::: DATA SUPPLIED :::

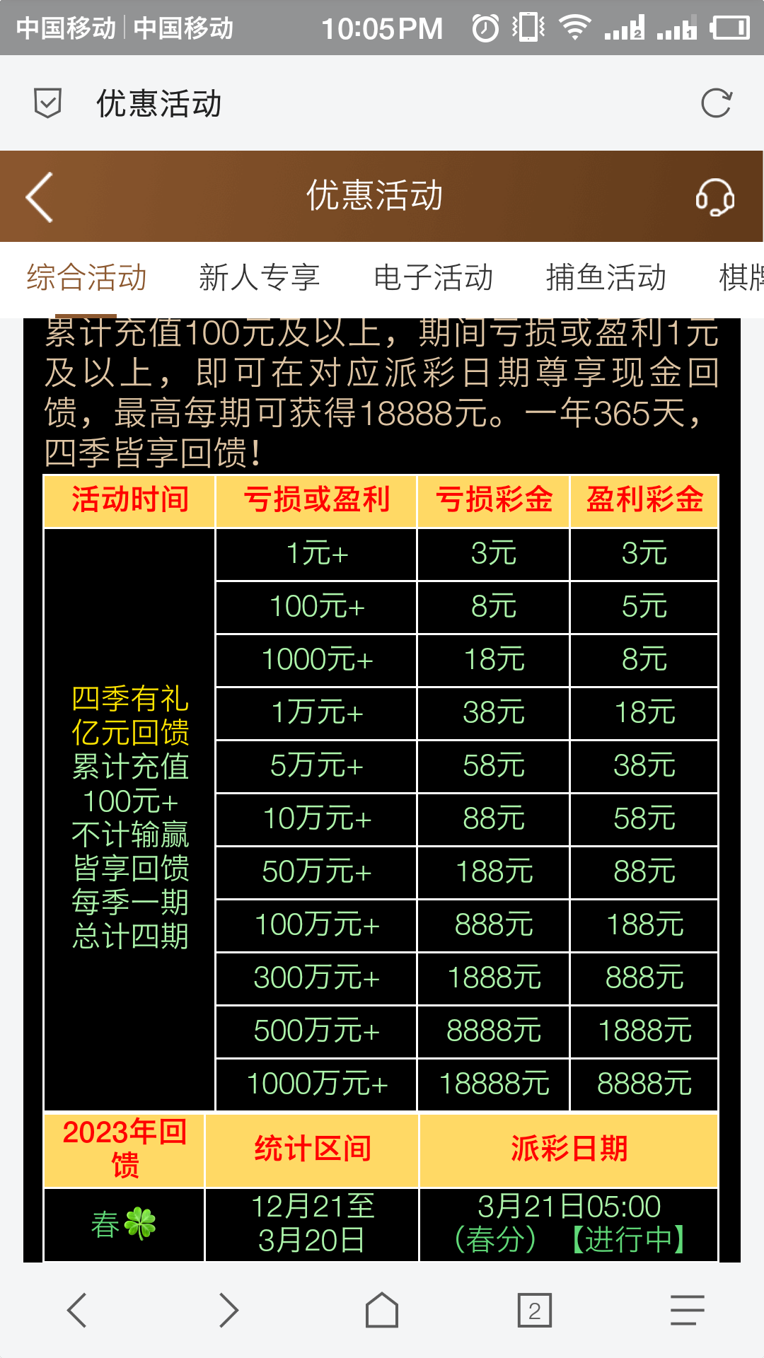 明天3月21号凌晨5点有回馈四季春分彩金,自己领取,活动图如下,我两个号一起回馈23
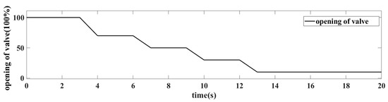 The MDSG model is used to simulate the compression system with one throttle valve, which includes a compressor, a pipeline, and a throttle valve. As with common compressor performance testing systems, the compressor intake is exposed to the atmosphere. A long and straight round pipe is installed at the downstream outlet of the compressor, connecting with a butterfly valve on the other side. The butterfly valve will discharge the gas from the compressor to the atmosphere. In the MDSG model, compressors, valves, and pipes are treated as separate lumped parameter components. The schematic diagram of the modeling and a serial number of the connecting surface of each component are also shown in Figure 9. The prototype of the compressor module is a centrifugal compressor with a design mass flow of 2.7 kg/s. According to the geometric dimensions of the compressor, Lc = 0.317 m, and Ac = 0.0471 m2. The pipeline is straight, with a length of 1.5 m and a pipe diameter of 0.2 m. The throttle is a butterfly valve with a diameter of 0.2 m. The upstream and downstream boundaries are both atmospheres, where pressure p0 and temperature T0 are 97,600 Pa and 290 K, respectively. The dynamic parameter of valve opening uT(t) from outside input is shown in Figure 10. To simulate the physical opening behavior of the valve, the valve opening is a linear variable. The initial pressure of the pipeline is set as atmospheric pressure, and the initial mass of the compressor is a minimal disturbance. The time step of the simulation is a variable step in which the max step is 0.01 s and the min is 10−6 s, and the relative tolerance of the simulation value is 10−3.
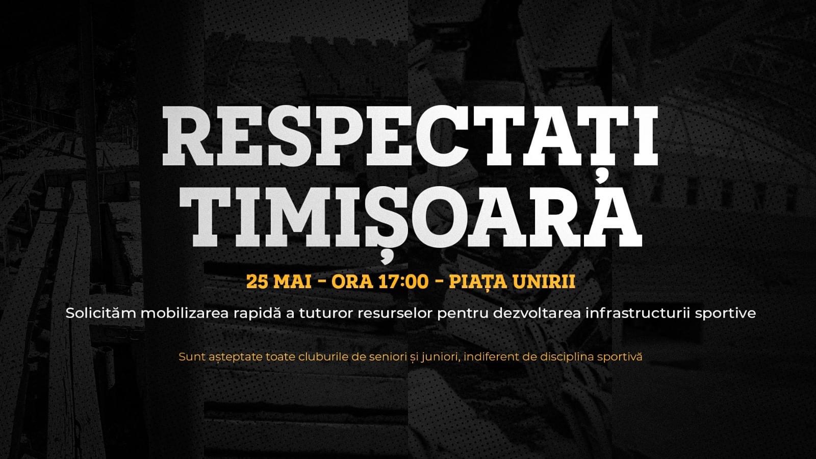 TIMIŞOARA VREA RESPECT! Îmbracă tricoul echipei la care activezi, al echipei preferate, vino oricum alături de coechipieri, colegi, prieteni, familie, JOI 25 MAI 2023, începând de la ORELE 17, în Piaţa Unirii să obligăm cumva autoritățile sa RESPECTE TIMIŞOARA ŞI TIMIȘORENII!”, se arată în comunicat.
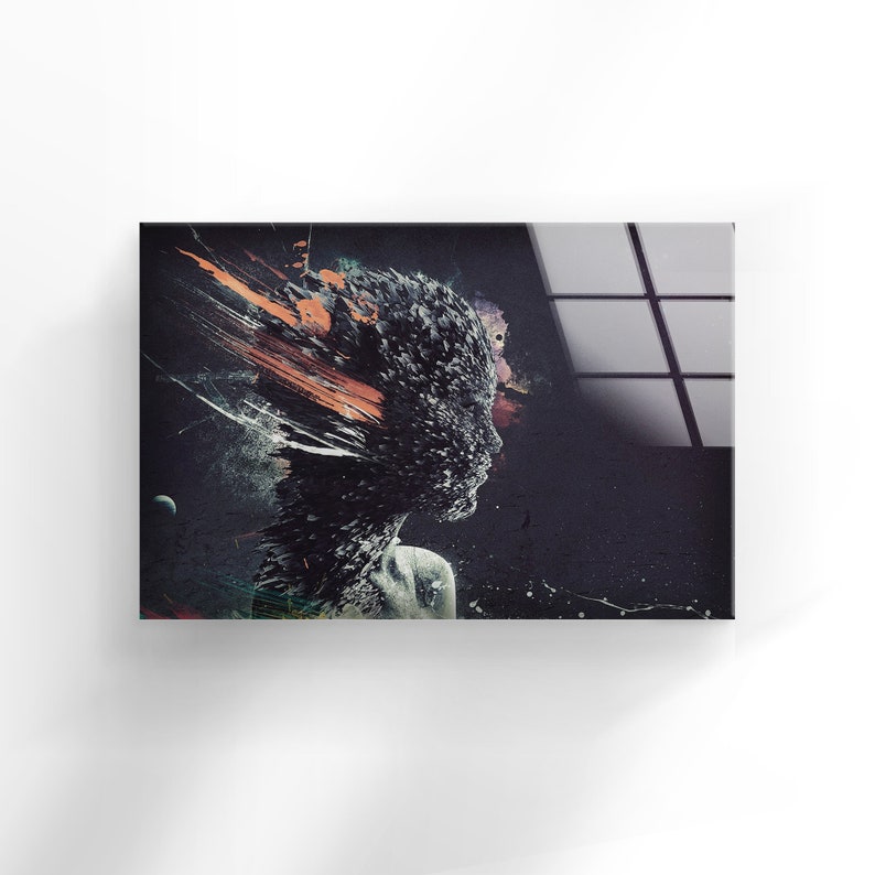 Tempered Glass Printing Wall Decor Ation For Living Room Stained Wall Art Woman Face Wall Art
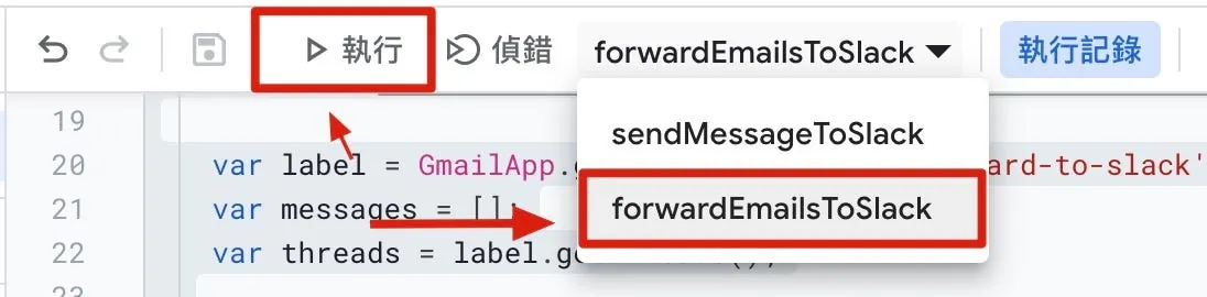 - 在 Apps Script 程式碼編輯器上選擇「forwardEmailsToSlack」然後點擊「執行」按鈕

:::

§ **WHAT THIS TASK INVOLVES**: Every line from the one that holds "TIMIŞOARA VREA RESPECT!" to the last line of the records above goes into the answer, exactly as written; nothing else does, and no picture does either.

§ **ANSWER SPACE**:
 TIMIŞOARA VREA RESPECT! Îmbracă tricoul echipei la care activezi, al echipei preferate, vino oricum alături de coechipieri, colegi, prieteni, familie, JOI 25 MAI 2023, începând de la ORELE 17, în Piaţa Unirii să obligăm cumva autoritățile sa RESPECTE TIMIŞOARA ŞI TIMIȘORENII!”, se arată în comunicat.
 Tempered Glass Printing Wall Decor Ation For Living Room Stained Wall Art Woman Face Wall Art
 - 在 Apps Script 程式碼編輯器上選擇「forwardEmailsToSlack」然後點擊「執行」按鈕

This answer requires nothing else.